Three Dimensional (3D) Devices is a term applied to semiconductor chip stacking.  Various industry terms such as flip chip and die attach may be also associated with chip stacking but not exclusively so. Hydridization is used as a term which describes the chip stacking process.  As discussed on ARC’s webpage SiC Vacuum Chucks, the FC-150 and now the larger and more accurate FC-300 are the tools of choice for bonding two or more die together, especially for low volume (up to 10,000 per year), high precision projects.  3D Chip Stacking has become ubiquitous as companies try to make thinner devices such as cell phones, memory stacks and as stated on the above ARC webpage, Infrared Focal Plane Arrays (IR-FPAs) and their Read-Out Integrated Circuits (ROICs) for Infrared Cameras.  Other areas of interest for ARC’s customers are that of hybridizing High-Power Laser Diodes and VCELS with Micro Channel Coolers as shown below.  Presented below are additional details about the FC-150 Hybridizer, Bumping Metals, the Hybridization Process, and Laser Die bonding to Micro Channel Coolers.

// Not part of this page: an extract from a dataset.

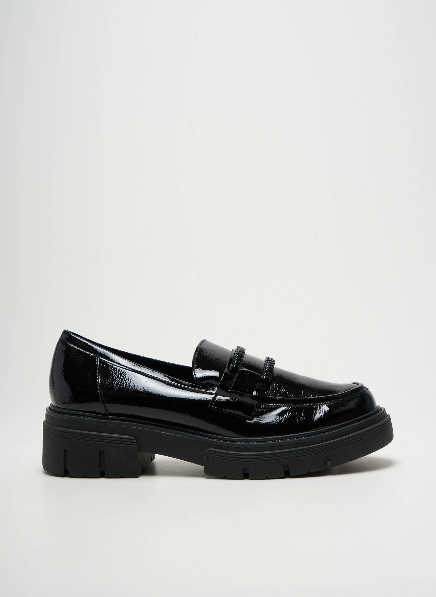Ce mocassin se porte aussi bien avec un jean retroussé pour une allure décontractée qu’avec un pantalon tailleur pour composer un look plus sophistiqué. Il s’associe facilement à un chemisier fluide ou une veste oversize pour apporter du contraste et de la modernité, et il peut également compléter une jupe courte ou une robe droite pour une touche citadine et féminine. Ajoutez un sac structuré ou une ceinture originale pour finaliser votre tenue tout en restant tendance et à petit prix.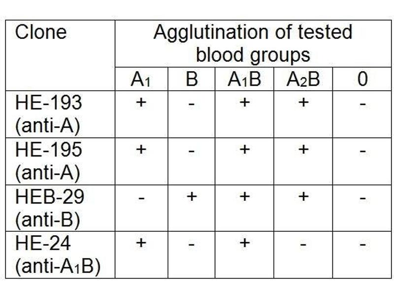 The antibody HEB-29 reacts with human blood group B. The specifity of the antibody HEB-29 was confirmed by comparison of specifity and reactivity to standard reagent using >5000 samples of blood.

ARC works with either as-diced die (bare die) or wafers.  For wafers, the company has expertise in precision dicing of standard and compound semiconductor wafers.

The FC-150 Device Hybridizer

ARC FC-150’s have the following combined capabilities:

• 50mm x 50mm Stages Standard • Post Bond Alignment Accuracy: ± 1 micron
• Thermal Bonding: Ambient
(Room Temp) to 450° C
• Force Bonding: Low Force (milli-grams)
and High Force (100 kG)
• Automatic Laser Leveling • Automated Bonding with Cognex
• Epoxy Dispenser • Gas Confinement
• UV Cure Capability
Figure 1 FC150, shown in the background are ARC's thin film sputtering tools in the Class 100
Figure 1 FC150, shown in the background are ARC's thin film sputtering tools in the Class 100

Bumping Metals

Bumping is the term applied to the process of placing solder metal on the contacts of one, or both, of the wafers in preparation for the bonding process.  For example, ARC uses photolithographic lift-off masking and then deposition for Indium or Gold-Tin Eutectic bonding metals, among other sets of materials.

Indium Bumping

Indium is a common Bumping metal due its electrical conductivity, excellent adhesion and malleability which enables chips with different Coefficients of Thermal Expansion (CTE) to be bonded together and then subjected to large temperature change without breaking the bonds.  The Indium bumps give and take as the chips expand and contract while maintaining electrical contact. Indium is a common choice for the IR-FPA’s whose detector wafers are typically exotic compound semiconductors as compared to typically CMOS processed silicon ROIC wafers.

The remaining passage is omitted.